Talk:CESU-8
From Wikipedia, the free encyclopedia
[edit] rewrite
I have started a rewrite at CESU-8/temp as per the instructions in the copyvio template i am reporting it here. Plugwash 13:51, 14 July 2005 (UTC)
- Temp page has replaced the main article. RedWolf 03:34, July 22, 2005 (UTC)
[edit] examples
Can yu please give an example of a string encoded in CESU-8 and in which case it is treated in a special way? -- Nichtich 00:23, 27 October 2005 (UTC)
[edit] Advantages
What are the advantages to UTF-8? --Apoc2400 09:15, 6 December 2006 (UTC)
- I can think of three
- 1: if used for serialisation of strings in languages where strings are natively UTF-16 it won't break if someone decides to use string types for something other than valid UTF-16 data.
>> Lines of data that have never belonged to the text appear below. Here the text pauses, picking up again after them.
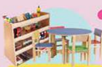
ציוד וריהוט לגנים
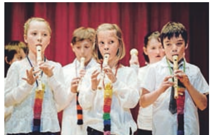
Etuije za flavte so si spletli sami. / FOTO: IZTOK ZUPAN
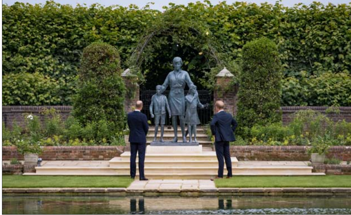
الشقيقان في انفراد بعيداً عن الاضواء
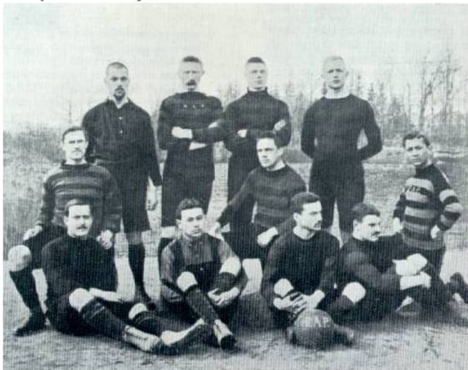
Elftalfoto R.A.P. 1899

Ook bij de leden van Sparta is de sympathie voor de voor onafhankelijkheid strijdende Afrikaanse Boeren groot. Dit brengt het bestuur, na het horen over het bezoek van Paul Kruger aan Rotterdam, tot het organiseren van een benefiet rond de competitiewedstrijd van 29 oktober 1899 tegen RAP. Deze club is in 1899 voor de derde keer op rij en dit keer zelfs geheel ongeslagen kampioen van de Westelijke eerste klasse geworden.
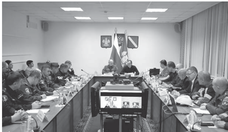
Глава администрации Краснодарского края Вениамин Кондратьев на заседании краевой комиссии, занимающейся вопросами предупреждения и ликвидации чрезвычайных ситуаций и обеспечения пожарной безопасности

Перед заседанием оперативного штаба руководители МЧС и региона совершили облет территории черноморского побережья. По прибытии

- 2: if sorted using a byte orientated sort the result will be the same as using a word orientated sort on UTF-16
- 3: conversion between CESU-8 and UTF-16 is simpler than conversion between UTF-8 and UTF-16
- But as the name suggests the main reason it is used is compatibility with old software. Software that was built to use UCS-2 internally and UTF-8
inexternally and that does not explicitly reject surrogate codepoints can be made to store surrogates (for supplementry characters) by feeding its external interfaces with CESU-8 data (which will be converted to UTF-16 for storage internally). Plugwash 23:07, 7 December 2006 (UTC)